#  > > >  >  > Форум >  > > >  >  > Буддийские форумы >  > > >  >  > Тибетский буддизм >  > > >  >  > Кагью >  > > >  >  >  Что символизирует мудра Кармапы 16?

## Мурат

Всем доброго времени суток!
Меня часто спрашивают "новые" в буддизме алмазного пути люди, что означает то, как Кармапа 16 держит руки? Это особая мудра? Что она означает? 
Я сам не знаю. Объясните кто в теме, плиз!

----------


## Владимир Николаевич

> Что символизирует мудра Кармапы 16?


Реализацию Махамудры, состояние Ваджрадхары (Дордже Чанга).

Союз Метода и Мудрости, союз двух аспектов Бодхичитты, союз Радости и Пространства осознавания, ... .
Вобщем весь тотже символизм, что и подобное положение рук с ваджром и гхантой (дорджем и дильбой, алмазом\молнией и колокольчиком) в инфо-графике формы Будды Ваджрадхары.

(п.с.
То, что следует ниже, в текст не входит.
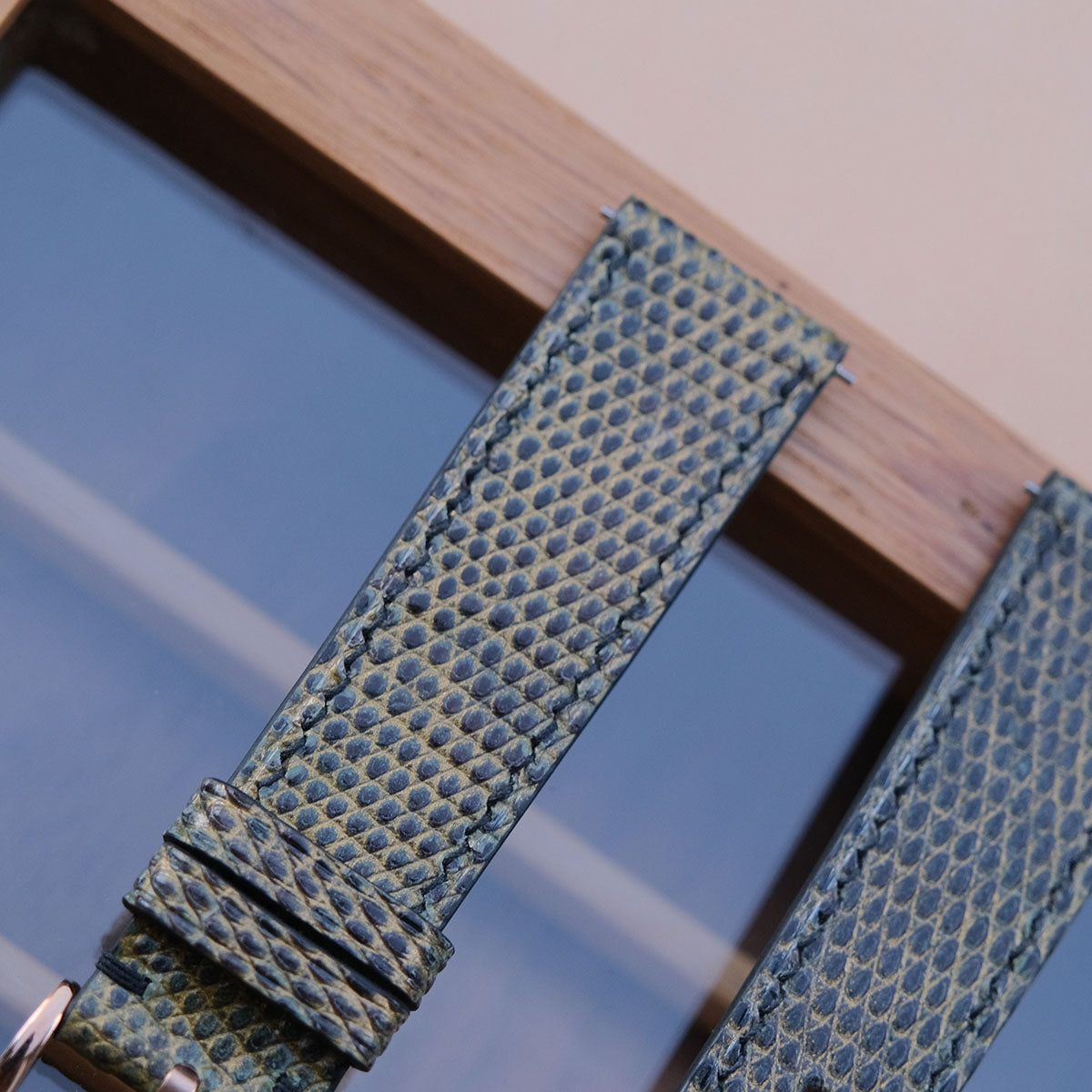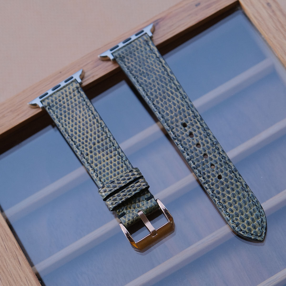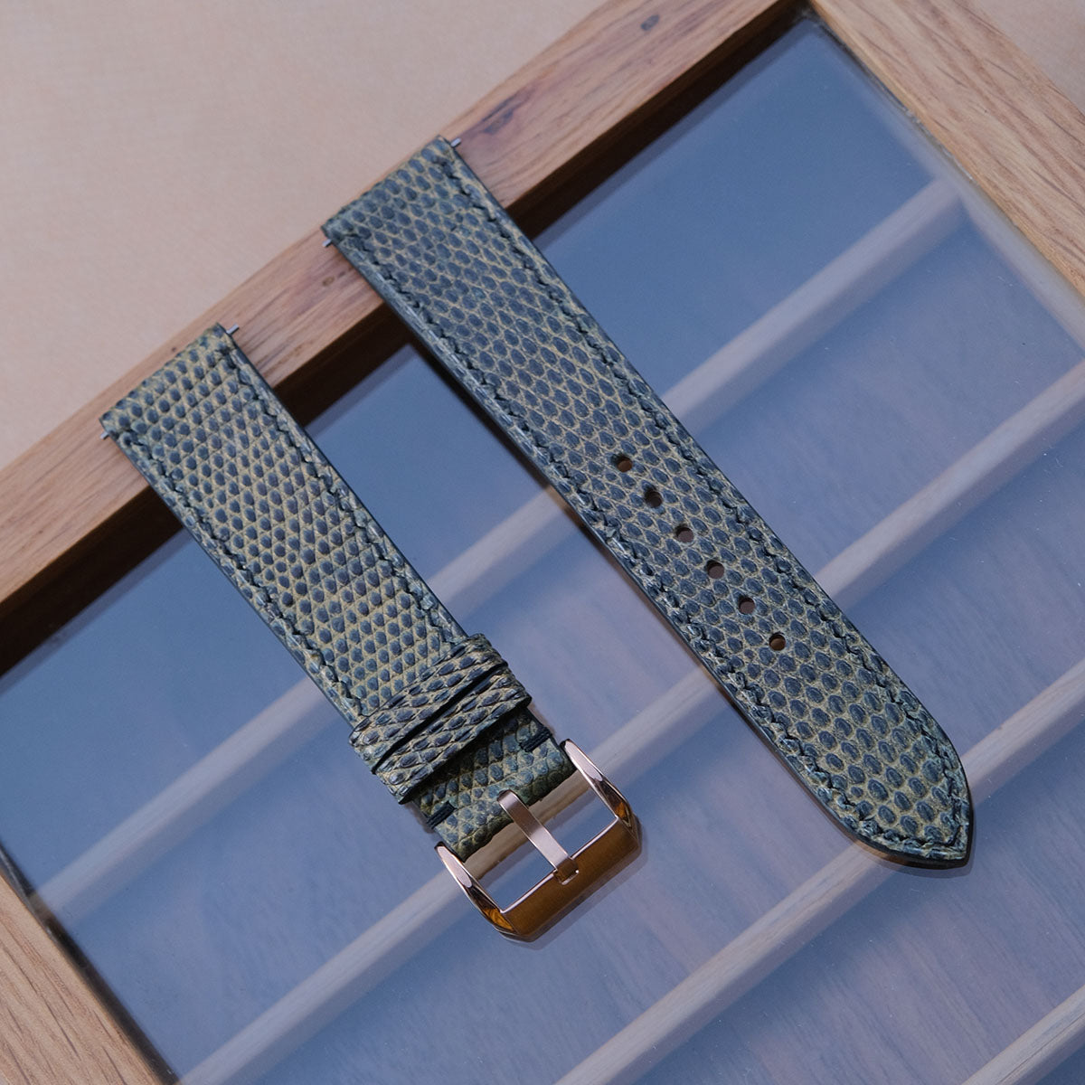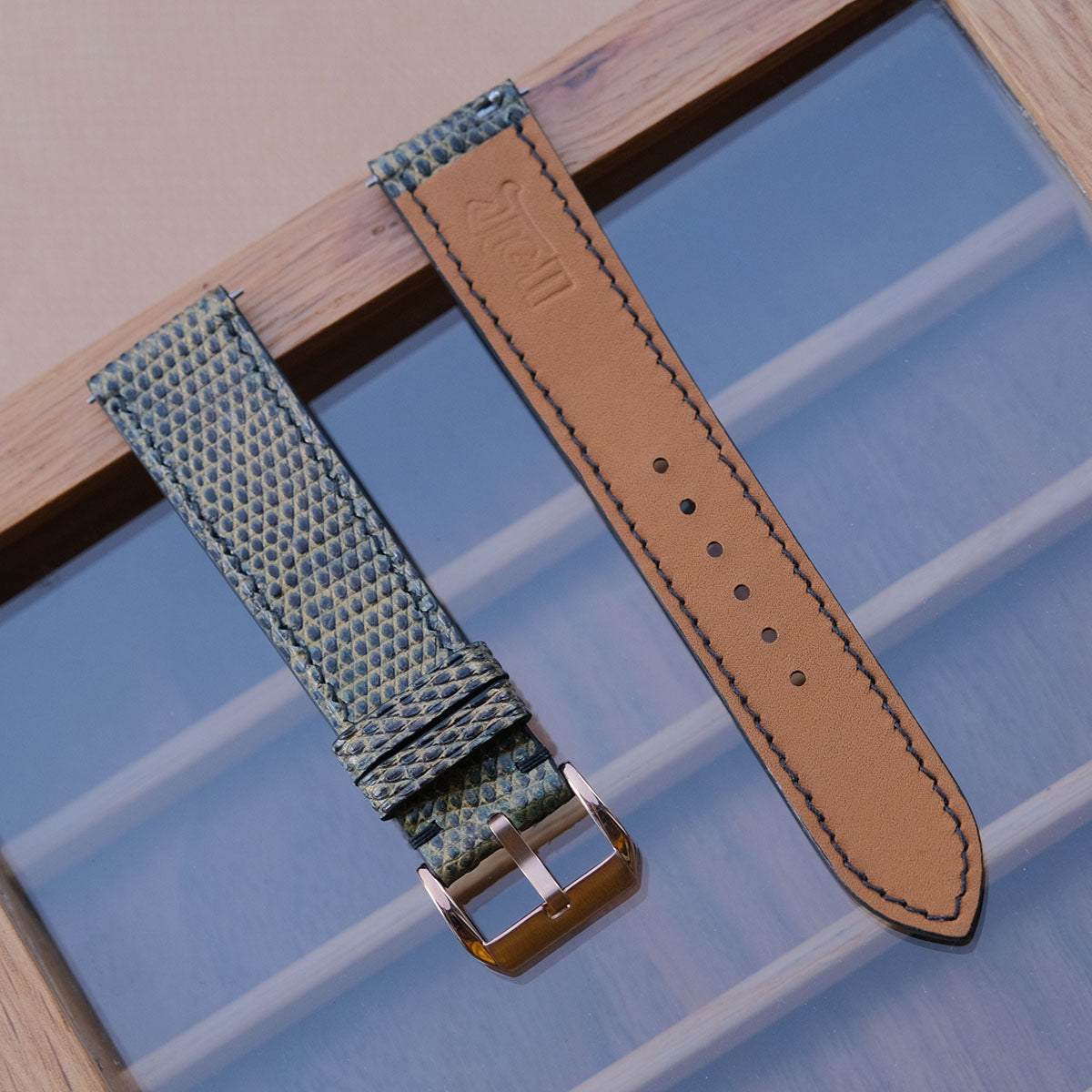 [Ready to ship] 20-18 Length 75/115mm Golden Brown x Green Lizard Leather Vintage

Спасибо! за фото и изображение)

----------

Гошка (04.06.2018), Мурат (06.06.2018)

----------


## Мурат

Спасибо, но я имел ввиду, почему у него так сложены пальцы, типа "Хеви метал Рок"? :Smilie:

----------


## Shus

Изначально (индийское) - это Karana Mudra. Отгоняет всякую нечисть и т.п. 
Заимствована у католиков. :Smilie:

----------

Мурат (07.06.2018)

----------


## Кхьенце Гьял

Сострадание как путь единства метода и мудрости, все очень просто!)))

----------